So how did I get this to work after all?
As said earlier we found out that the Carrera would load succesfully when the 16MHz bus clock signal gets shifted 180° before being sent to the accelerator. Everything we could test besides onboard video did work fine that way.
When looking for the cause of the onboard video issues we poked at a lot of different things without much success.
@GeekDot disassembled the SE/30 video ROM, dug through the Turbo 040 ROM in search for hints if they patched anything SE/30 related in there and spent countless hours staring at MacsBug :tongue:
Me being useless for this kind of stuff kept poking around with the logic analyser hoping to find any clues on what's going on.
I hooked up some probes to the VRAM to easily find video write cycles and looked at the data bus on the logicboard (starting at D24-31 which connect to the VRAM) hoping to find that we were just experiencing some bad timing on the output drivers of the C040 which caused that no valid data was present on the bus when it should have been there. That was not the case though. Hold times for the data lines and all VRAM related write signals were good. Instead the data outputs have just been turned off for 1 out of 4 bytes that were written to the VRAM.
I went ahead and soldered probe sockets to data pins D24-31 right on the 68040 on the C040 to see what's going on there. No big surprise the data seemed to be there, so for some reason it does not make it's way through the output buffers to the logicboard bus but only for always the same single byte out of the four bytes that get written with each access. The driver is just dumping video data onto the screen base address in longwords. Those longwords get split up into 4 separate bytes when written to the 8 bit wide VRAM.

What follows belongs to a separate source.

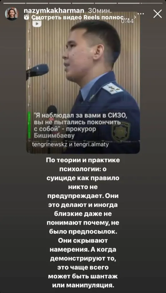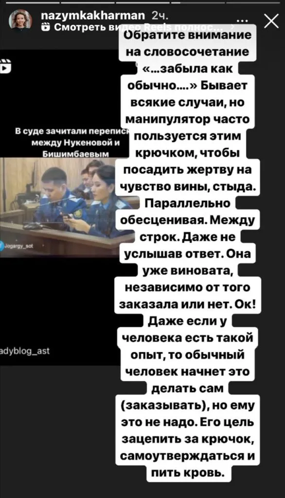 Ранее, Кахарман рассказывала, что газлайтинг Бишимбаев практиковал и будучи в браке с ней. По ее словам, распознать красные флаги в отношениях с экс-супругом и его родителями она смогла только спустя 20 лет.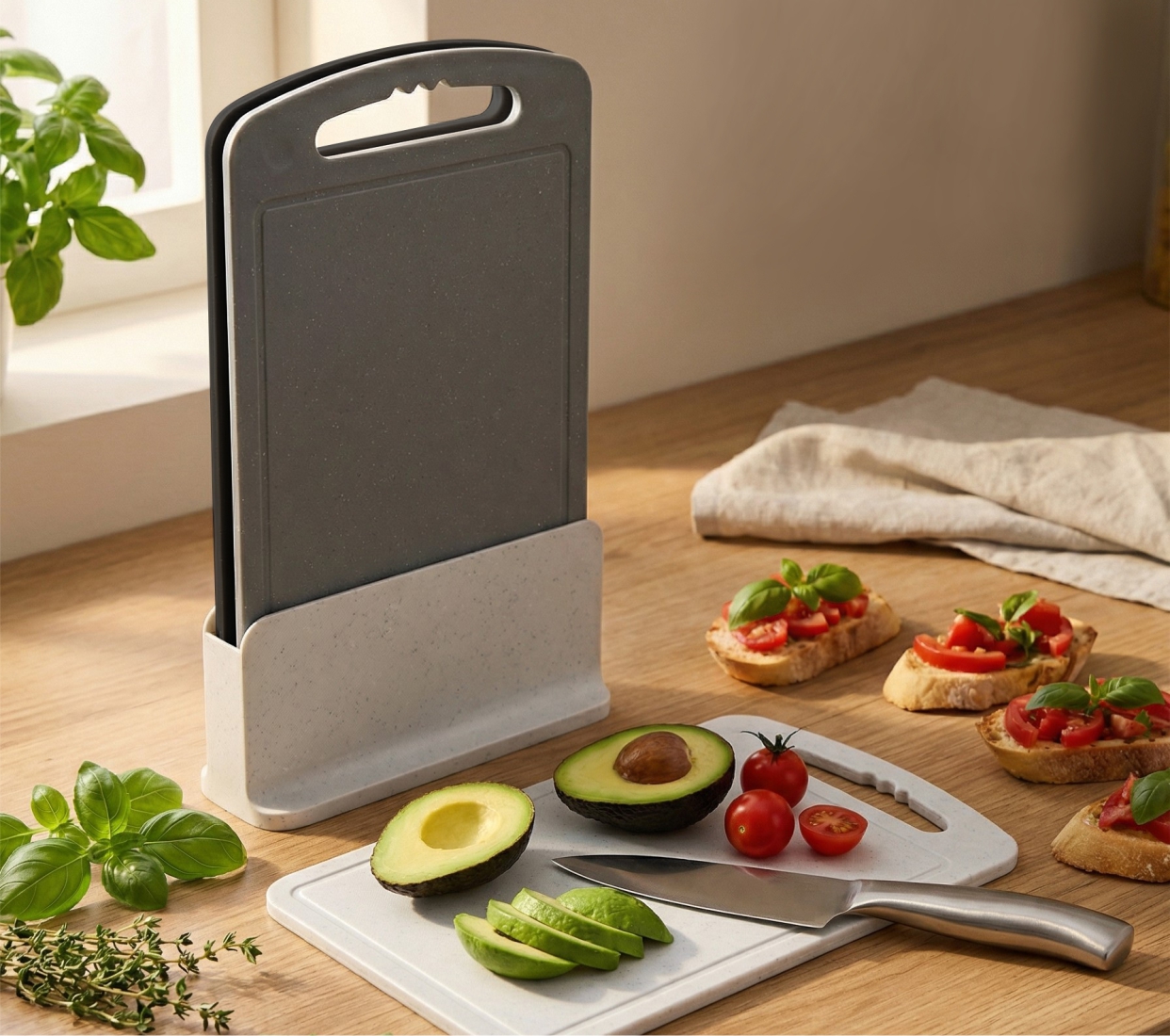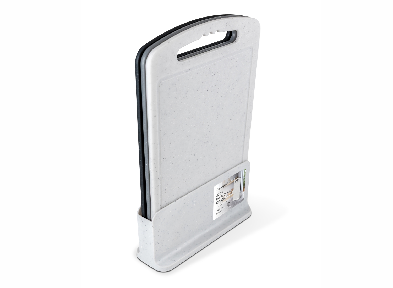 Набор состоит из трех досок коллекции «Стронг» размером 20х32 см в цветах - «белый камень», «серый камень» и «черный камень» с целью дифференциации для нарезки различных продуктов. Минималистичный дизайн и универсальные оттенки, имитирующие «натуральный камень» гармонично вписываются в интерьер современной кухни. Благодаря компактным размерам кухонный аксессуар не занимает много места на столешнице. Специальная конструкция подставки с вентиляционными отверстиями на дне позволяет надежно удерживать доски, давая им хорошо просохнуть.

We took a step back to think about this. The 68040 also supports dynamic bus sizing just like the 68030 but the output byte lanes differ between those two depending on the state of SIZ0-1 and A0-1.
The Motorola design handbook also mentions this in the section about running a 040 on a 030 bus. The proposed design to implement a circuit to shift data around between the bytelanes using muxes does allow for most combinations to work but hints that a full mesh of all bytelanes was considered too complex regarding part count.
On the Carrera the data buffering and bytelane swapping is all done in the two FPGAs so we couldn't easily observe what exactly the logic is doing.
What we could see though is that on VRAM writes all signals named above (SIZ0-1 and A0-1) are cycled through all possible combinations that make sense for byte-wise writing a longword (just as you would expect)
With the bytelanes being spread over both FPGAs I would guess that they also did not implement the possibility to swap all bytelanes around between each other just like the circuit in the Motorola design book.
For one combination of the bus sizing signals the bytelane that's actually connected to the VRAM stays silent on the outputs of the FPGA.
I went on to check what's going on on the other bytelanes. On the LA I could see that there is data present as well on all other data lines even though those are not connected to the VRAM.
To investigate if the data on the other lanes is actually video data that might be useful I desoldered the VRAM from one of my logicboards and installed it again usign a small interposer board so I could route the other bytelanes to the VRAM to see what is going on on them and if any of them produces a useful picture.
Turned out the other lanes contain image data but it is mostly useless:
However when looking at the output of one byteline something interesting caught my attention:
Compare that to the image containing the missing bytes:
As you can see the missing data on the VRAM bytelane (D24-31) is present on another bytelane that otherwise has data that is useless.
To get this straight I cut through some data lines on my adapter and wired in two buffers. One just switches D24-31 back and forth on reads and writes, the other one puts data from D16-23 to D24-31 whenever there is an access to the VRAM location that contains the white stripes.
The address decoding and control logic to do this is implemented in a single GAL. On all other bus accesses the second buffer stays turned off and data is pushed around normally on D24-31.
I modified the decoder to support PDS cards and testing looks good so far that all cards I have here seem to work just fine.